Тулан осторожно, чтобы не потревожить впивающиеся в шею шипы, отбросил движением головы упавшие на лицо грязные патлы.
— Он не Враг, он…
— Кто он? — аж подался вперёд нолдец. — Кто такой император Сардуора в глазах последнего Кормчего этой эпохи⁈
— Он сам по себе! Он вне судьбы и вне правил, он тот, кто сам торит себе путь, и нет над ним иной власти, кроме его собственной! — без всякого фанатизма, устало и печально произнёс Тулан.
В этот момент внук Хурбина ни капли не врал, он действительно верил в то, что сказал. Точнее даже не так. Он не верил, он точно знал, что это правда, ведь именно таковы были слова его прославленного деда, вновь и вновь вспоминающего о единственном визите к нему в дом будущего Владыки. Жаль только стоящего перед Туланом чародея эти слова вряд ли могли устроить. Там, где ожидаются какие-то откровения и тайны, простые и правдивые ответы будут восприниматься как бесстыдная ложь.
И надо сказать, предчувствия Тулина не обманули.

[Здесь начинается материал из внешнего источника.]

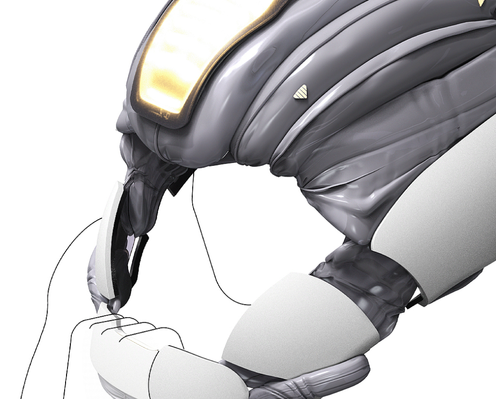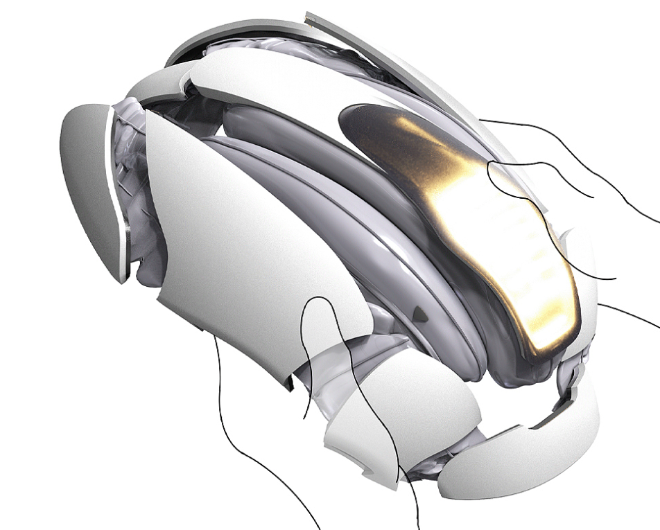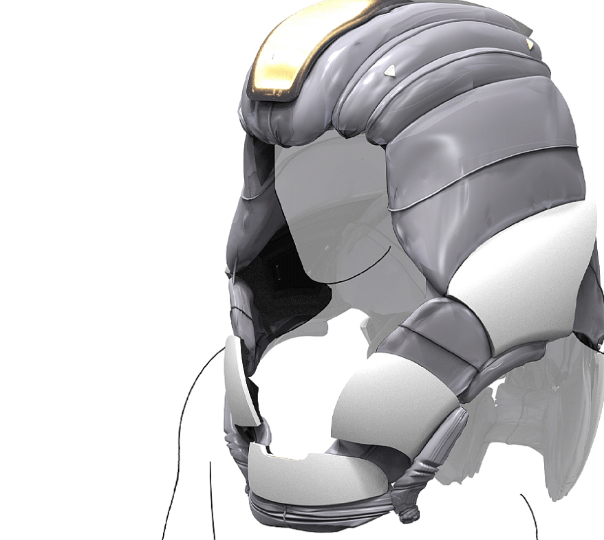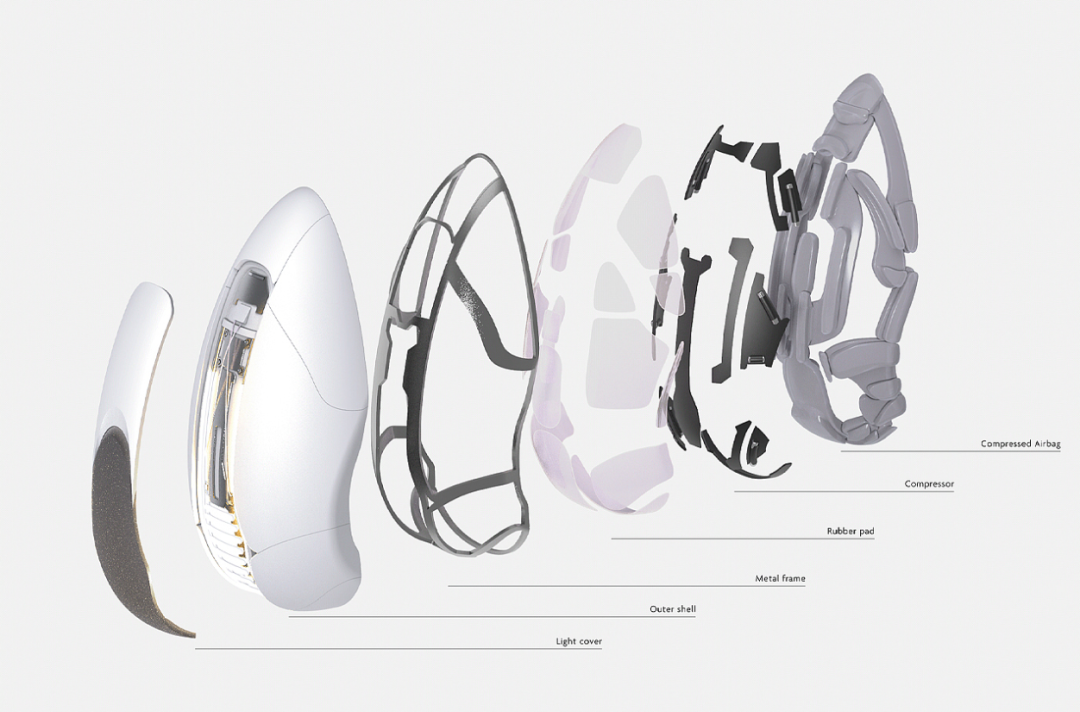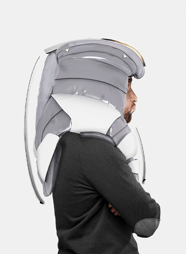 一旦从墙上拆下,Testudo 就会呈现出类似于自行车头盔的大小和形状,用户可以将它放在头上并覆盖肩膀。一旦头盔的把手被拉到用户的胸部,集成的安全气囊就会膨胀并变硬以提供缓冲保护。
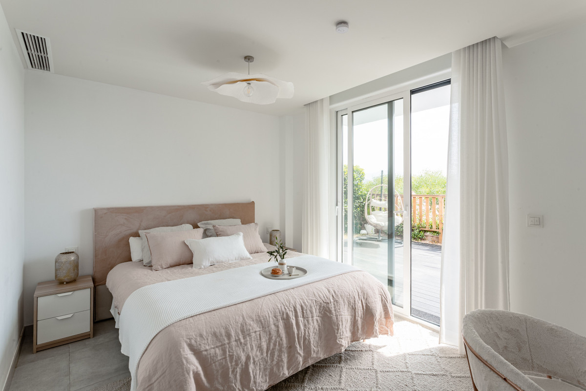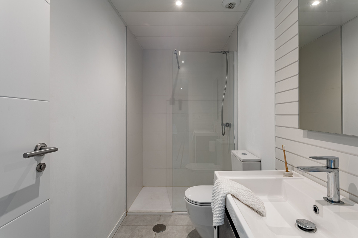 Inside, the open-plan layout combines a fully equipped kitchen, dining area, and bright living room with direct terrace access through elegant sliding doors. The property also includes three generous bedrooms and two sleek bathrooms with spacious showers and underfloor heating, all designed for convenience and comfort.

— Тц-тц-тц, — с осуждением поцокал языком нолдец, даже не дав пленнику толком договорить. — Значит всё-таки не хочешь по хорошему, да? Что ж, значит придётся по плохому… — И уже через плечо бросил: — Палача сюда! Еретик вздумал упорствовать!!
Заверения Тулина в своей искренности — при мысли о пытках пророк едва не потерял от ужаса рассудок, — маг словно бы и не слышал. Для него пленник из собеседника уже превратился в источник информации, а с теми не церемонятся. Невезучего Мастера ложной судьбы ждала очень, очень тяжёлая ночь…
На казнь Тулина повезли в полдень. В покрытой рунами клетке, со сбивающими концентрацию магическими узорами на теле, в ошейнике и в сопровождении трёх десятков стражей — всё как и полагается при транспортировке опасного колдуна. Вот только был ли в том смысл, если невезучего пророка за ночь пыток из относительно здорового человека превратили в его бледное, «сломанное», подобие, к тому же лишённое языка и самой способности говорить? Внук Харбина этого не знал.
Он вообще как выяснилось слишком многого не знал, иначе точно постарался бы удовлетворить все запросы своих мучителей и купить спасение от страданий. Но то, чего хотели нолдец с заплечных дел мастерами, Тулин дать не мог, а рассказ о единственной встрече с великими К’ирсаном Кайфатом их отчего-то не устраивал.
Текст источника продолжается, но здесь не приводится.